Starring Kathryn McCormick, Ryan Guzman. Written by Duane Adler. Directed by Scott Speer. PG. 95 min. Opens July 27.
“The time for art to be fun is over,” declaims one of the lithe hoofer-activists in this fourth installment of the Step Up franchise. Fortunately, the film doesn’t take her advice. A sequence in which a troupe of dancers weave themselves amid various modernist paintings and sculptures at the Miami Art Museum thoroughly collapses the divide between high culture and subculture. And if that sounds like a heady way to get into a movie that pivots on a plot point as old as (poor) boy meets (rich) girl, the fact is that Step Up Revolution has such things on its mind.

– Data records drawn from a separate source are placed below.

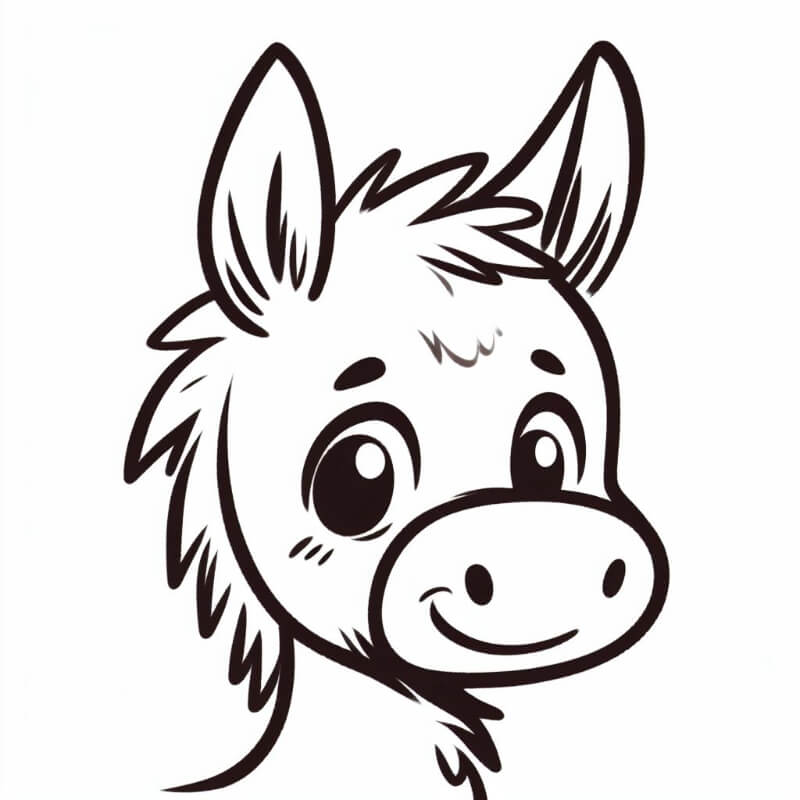 דף צביעה תמונה של פנים של חמור לצביעה בחינם להדפסה או צביעה אונליין
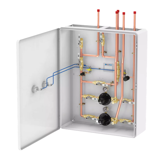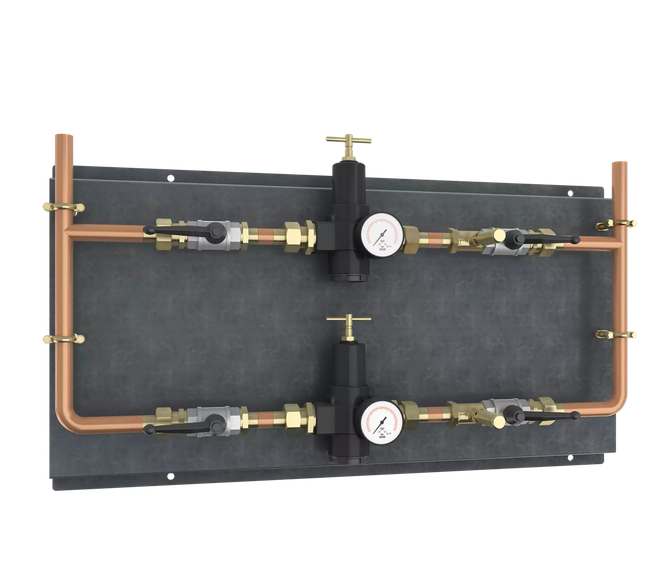 The pressure reducing set is designed for use in medical applications, to reduce the output pressure of the surgical or combined medical air system to the required pipeline pressure. All components are fully duplexed allowing one side to be completely isolated for maintenance purposes, without interrupting the life supporting medical gas supply.
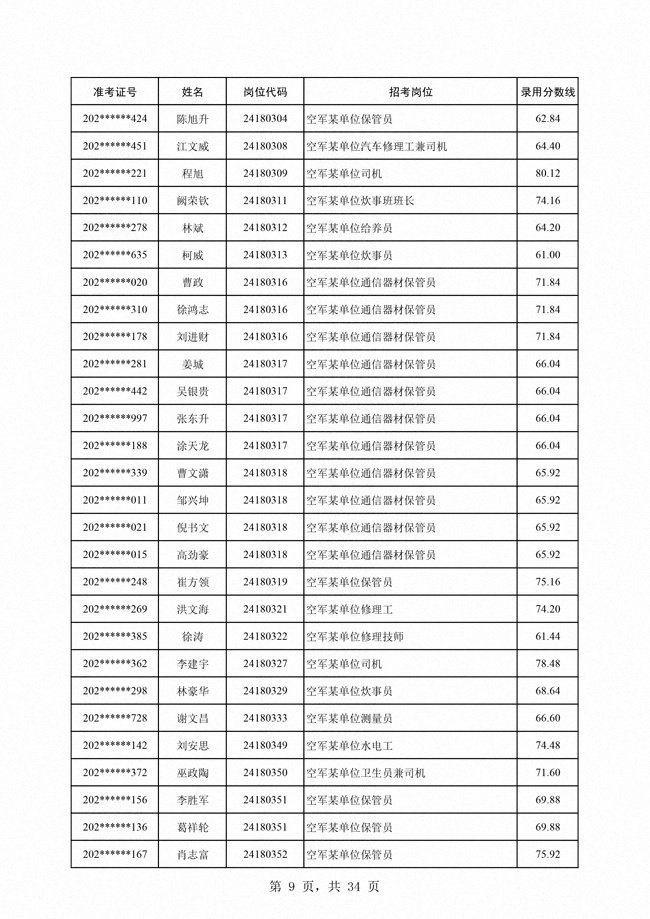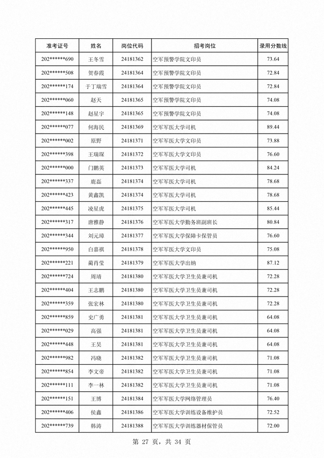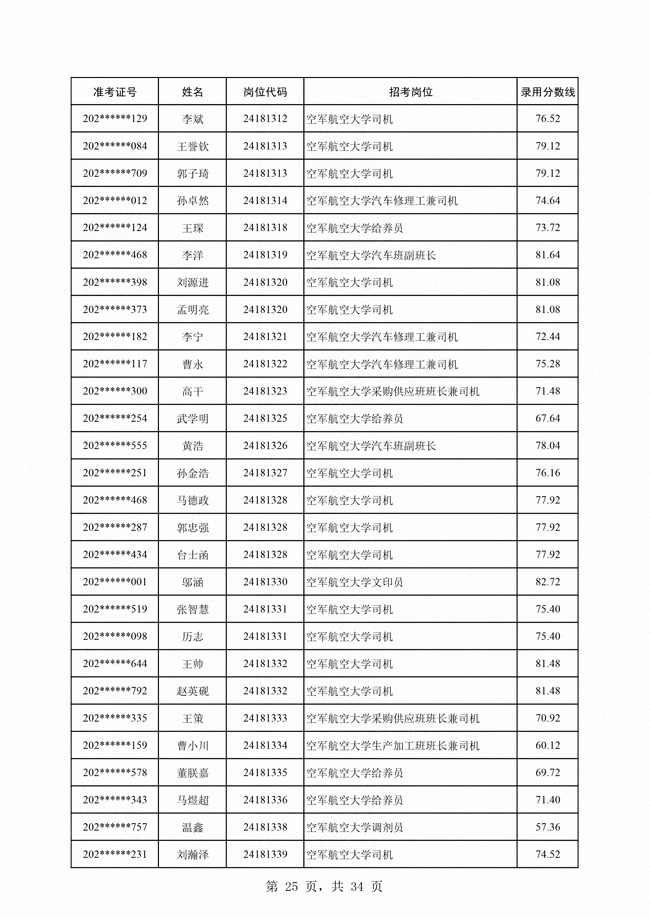 2025年武裝部文職人員擬錄用名單(含上岸分?jǐn)?shù)線) 2025-10-09
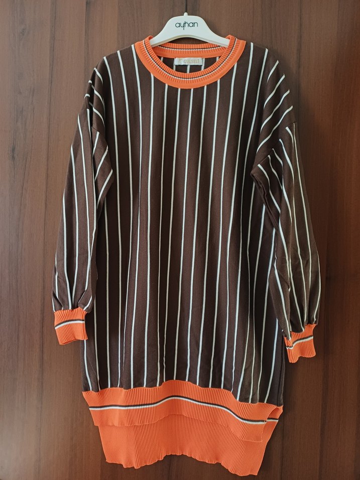 Uzun kollu, kahverengi uzun kazak, dikey çizgiler ve pile detaylarına sahiptir. Turuncu ribanalı yakası, manşetleri ve eteğiyle rahat sokak stiline uygundur. Standart bedendir, 1 kez yıkandı yeni ayarındadır, ölçüler görsellerde mevcuttur
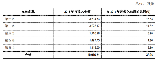唯一网络 2018 年度销售收入 28,758.13 万元,大客户销售占比相对较高,前 五大客户收入 10,916.21 万元,占比 37.96%。
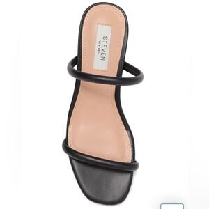 Steven New York Bala Minimalist Black Strappy Sandal Sz 7 Architectural Heel New
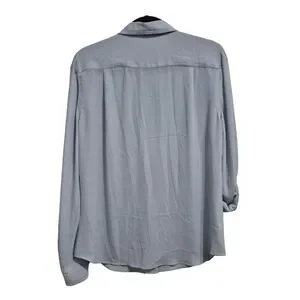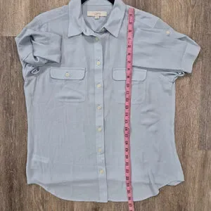 This is a pre-owned LOFT brand button-down shirt, size medium. It features a light blue color, long sleeves with roll-up tabs, and two chest pockets with button closures. The shirt has a full button-down front. The material appears to be a lightweight, possibly synthetic fabric. There are no immediately visible stains, tears, or other significant imperfections. The shirt is in good, wearable condition.
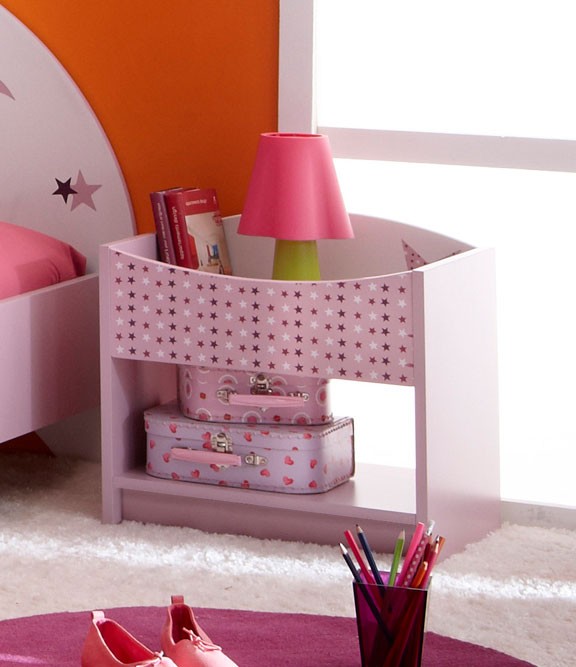 Noćni ormarić Fairy dostupan je u roza boji s uzorkom. Ormarić je dio linije Fairy i primjeran je za djevojačke sobe.
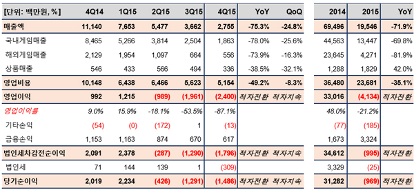 회사 측은 "기존 게임 서비스의 장기화와 신작 게임 출시 지연에 따른 결과로 매출 및 손익이 감소했다"고 실적 부진 원인을 꼽았다.
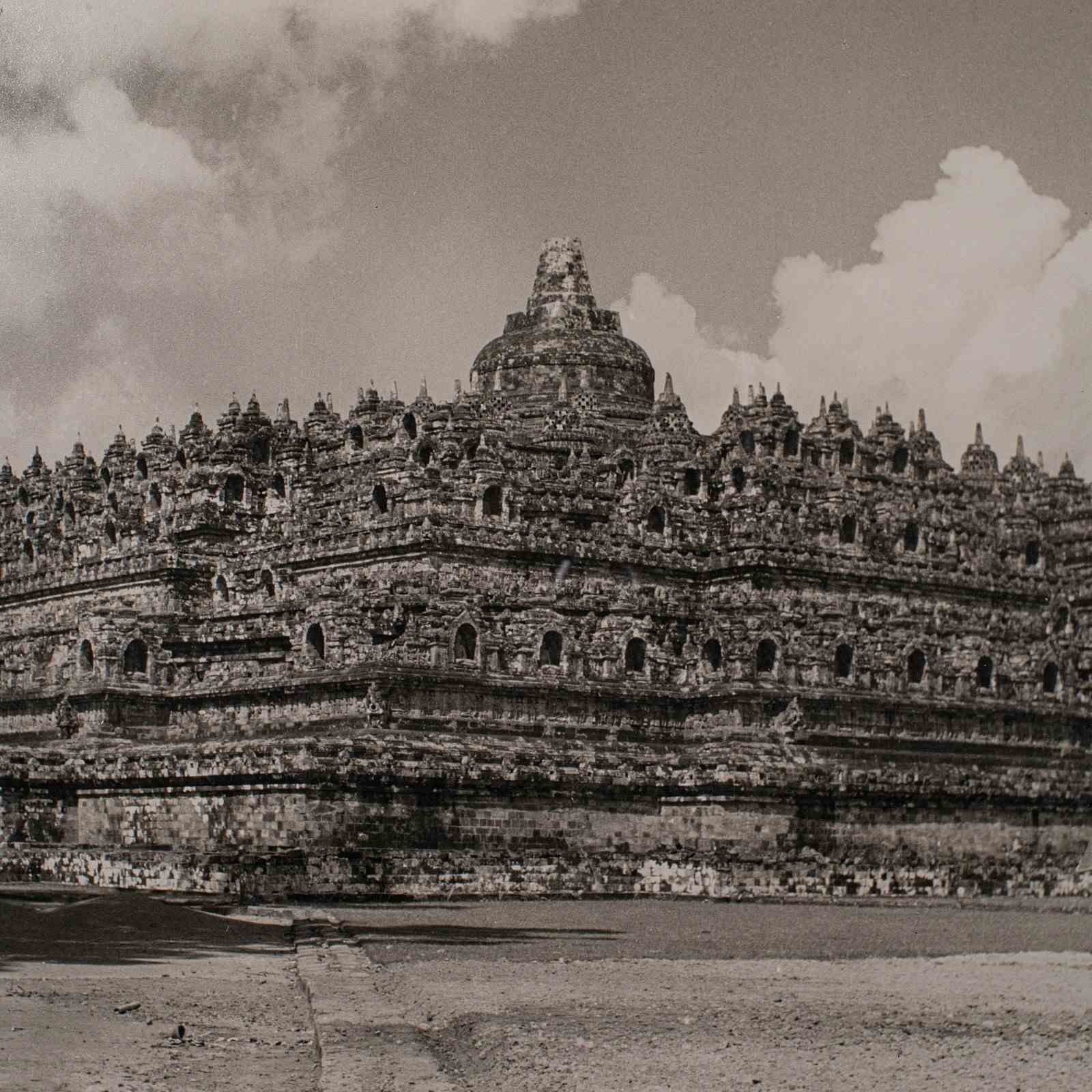 Captures the Indonesian Borobudur Shrine in beautiful monochrome
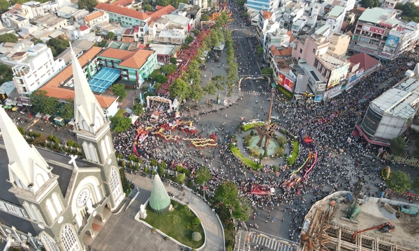 Tại nhiều giao lộ, người dân đứng chật kín hai bên đường, kéo dài gần 3 km để chờ kiệu Bà đi qua, thắp hương và cầu nguyện. Theo sau kiệu là các đoàn múa lân, rồng, hóa trang thành tiên nữ, Bồ Tát, Thần Tài… tạo không khí rộn ràng.
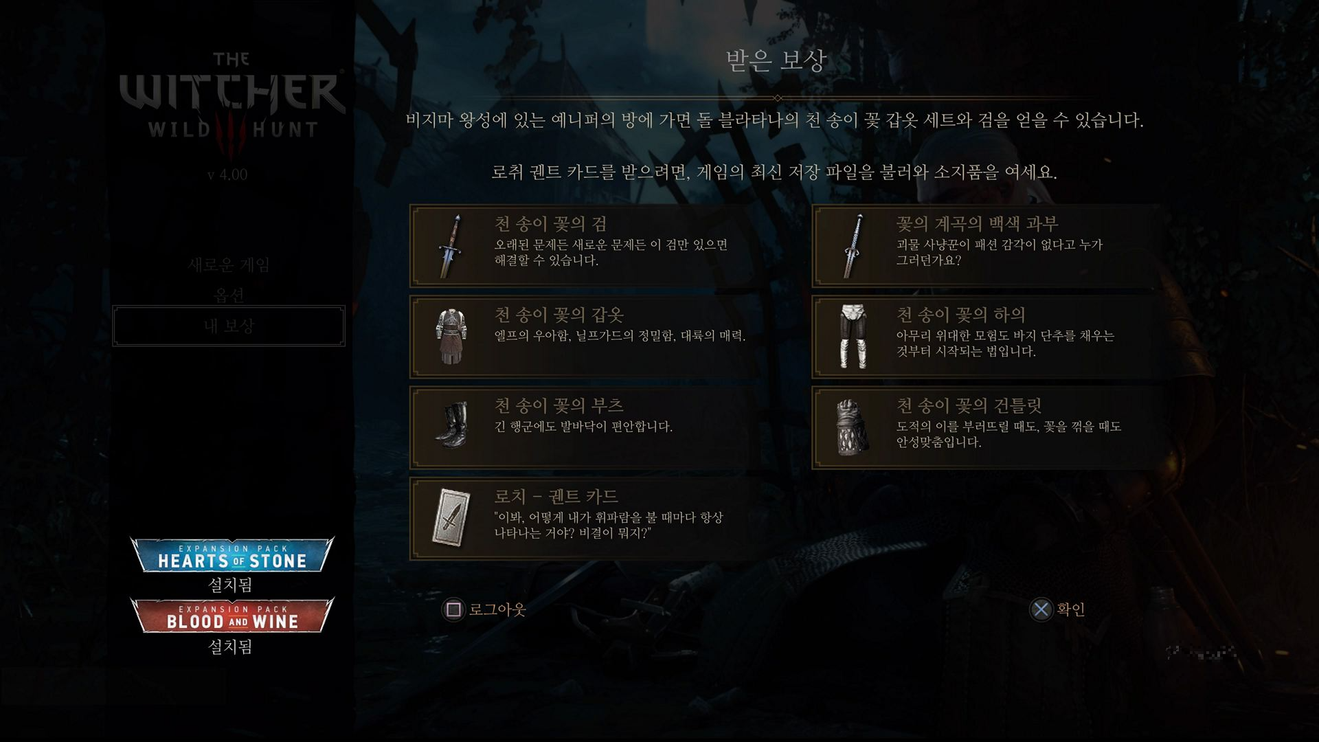 더 위쳐 3: 와일드 헌트의 내 보상에 등록하면, 다음 보상을 받을 수 있습니다.
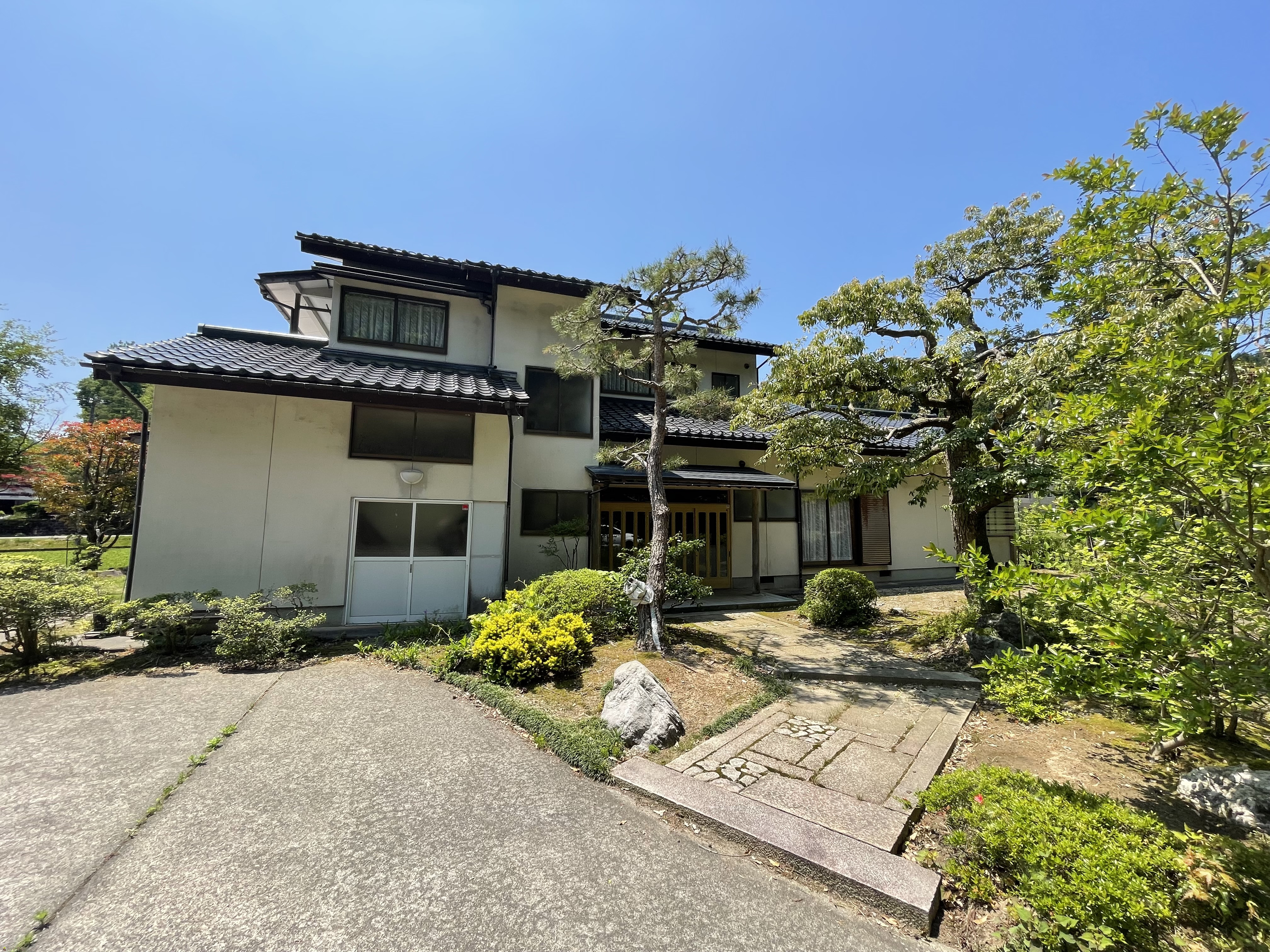 出雲崎町川西。風情豊かな庭を望む、9DKの中古住宅。敷地内大型車庫・作業所あり。
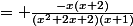 Dans mon corrigé, je n'ai que le résultat : (-x²(x+2))/((x+1)(x²+2x+2)) mais pas COMMENT y arriver... Et mon problème, c'est que je n'arrive pas à ce même résultat (en y aillant passé vraiment beaucoup de temps!). :doh:
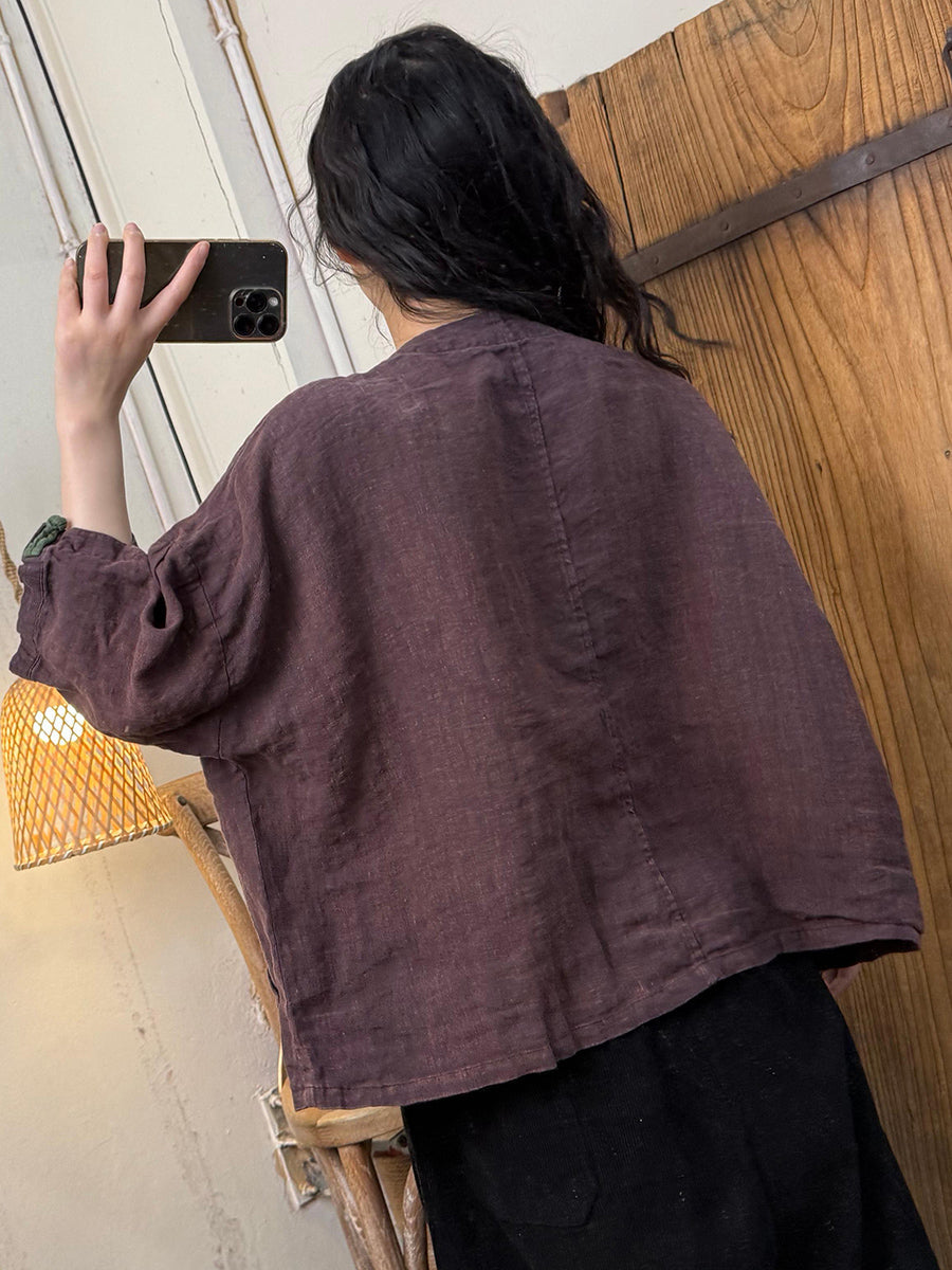 Women Summer Retro Colorful Button O-Neck 100%Linen Shirt

Its heroes are a group called “The Mob,” whose impromptu public performances are staged to garner web hits and a YouTube–sponsored cash prize. But when baseball-capped frontman Sean (Ryan Guzman) learns that a greedy developer (Peter Gallagher) is going to raze the waterfront community that he and his pals call home, he hits upon the idea of some high-stepping public protests—with the developer’s would-be-ballerina daughter, Emily (Kathryn McCormick), rebelliously kicking up her heels as well. Director Scott Speer and choreographer Crash use distinct dance sequences to convey thematic ideas: A rat race–styled number in a high-rise lobby, scored to a dance mix of Radiohead’s “Pyramid Song,” is a better critique of capitalism than anything in The Dark Knight Rises.
Guzman and McCormick are mediocre actors, but their body language is quite articulate. And if Step Up Revolution is not a profound movie, it’s still profoundly silly—and that’s not a bad thing.